Nesse sentido, até a analogia de qualificação proposta por Rigolon (2013), quando sugere uma interpretação não literal da característica, corre o risco de propiciar um conceito errado. Em um programa de TV, por exemplo, um participante afirmou que “a lagosta era grande como um jacaré”. Ao pé da letra, a informação seria falsa, pois as medidas não se equivalem para animais adultos. Nesse caso, a comparação também foi uma hipérbole.

Existe uma sutil diferença entre classificar uma analogia como qualitativa, analogia de qualificação, ou como quantitativa para comparar uma medida entre dois objetos. Quando se diz, por exemplo, que um objeto A é grande (alto, largo, fundo, espesso, etc.) como um objeto B, está-se o qualificando, pois tal atribuição é uma qualidade relativa que depende de um comparativo. Ser grande ou pequeno é sempre em comparação a alguma coisa. “Assim como os tamanhos, o número que define um tamanho não lhe diz se algo é ‘grande’ ou ‘pequeno’.
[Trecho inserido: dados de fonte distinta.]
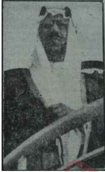
İbni Suûd Kaynayan kazan

Bilindiği gibi, İsrail ve Ürdün topraklarından akarak Ölü:Denize dökülen Şeria nehri, Suriye ile İsrail arasındaki Taberiye gölünden çıkar, uzun bir süredir İsrail, kurak topraklarını sulamak ve Negef çölünü işletmeye açabilmek için bu gölün sularını açacağı kanallara pompalamak niyetindedir. Bu takdirde Şeria nehrinin sularının azalacağını ve Ürdünün susuz kalacağını bilen Arap devletleri bu projeye şiddetle karşı durmaktadırlar. İsrailde Ben Gurion işbaşındayken, ne zaman Taberiye gölünde çalışan israilli işçilere Suriyeden ateş açılrsa, ateşe ateşle karşılık verirdi. Fakat yerimi alan Eskol daha az şiddet taraftarı, olduğu için geçen yaz meseleri. Birleşmiş Milletlere götürmüş ve Gü-

Ele só ajuda a compará-lo com alguma outra coisa” (PRIMACK; ABRAMS, 2008, p. 190). Portanto, afirmar que “A é alto como B” é uma analogia de qualificação, mas afirmar que “A tem altura de B” ou “A tem altura equivalente a B” é uma analogia quantitativa, mais precisamente uma analogia de grandeza.

Se as analogias quantitativas podem ser condensadas a metáforas, estas podem também serem condensadas a um adjetivo. As adjetivações expressam qualidades de tamanho a objetos, muitas vezes, conferem medidas irreais ou não dão a ideia precisa da medida. Primack e Abrams (2008, p. 190) afirmam que a ciência precisa de uma língua na qual possa discutir as medidas “sem cair em palavras vagas como ‘imenso’, ‘minúsculo’ ou a mais enganosa de todas, ‘infinito’. (Só porque um tamanho é grande demais para percebermos não quer dizer que ele é literalmente sem limites.)”.

Em alguns casos, é difícil saber se o adjetivo é metafórico ou literal. Adjetivos como faraônico, gigantesco, ciclópico, homérico, hercúleo, titânico, etc. fazem referência a seres (faraós, gigantes, ciclopes, Homero, Hércules, Titãs), para os quais não há medidas exatas mensuráveis e, portanto, inapropriadas para dar a noção de tamanho. Certamente, são metafóricos. Válidos para tal propósito são os adjetivos que fazem jus à comparação proporcional, como dizer que “um planeta tem proporções jupiterianas” (tamanho de Júpiter), “uma carreta elefântica” (peso de um elefante), “um micélio de dimensões bacterianas” (tamanho de uma bactéria), “um crime holocáustico” (quantidade de mortos equivalente à do Holocausto), entre outros. Mas, enfim, até que ponto a qualidade “elefântica” deve ser literalmente interpretada? Aliás, como saber que tipo de interpretação deve ser dada?

Por tantas questões relacionadas às analogias quantitativas, é importante que se tenha em mente quais passos e aspectos devem ser considerados e explicitados aos utilizá-las para o ensino de conteúdos científicos.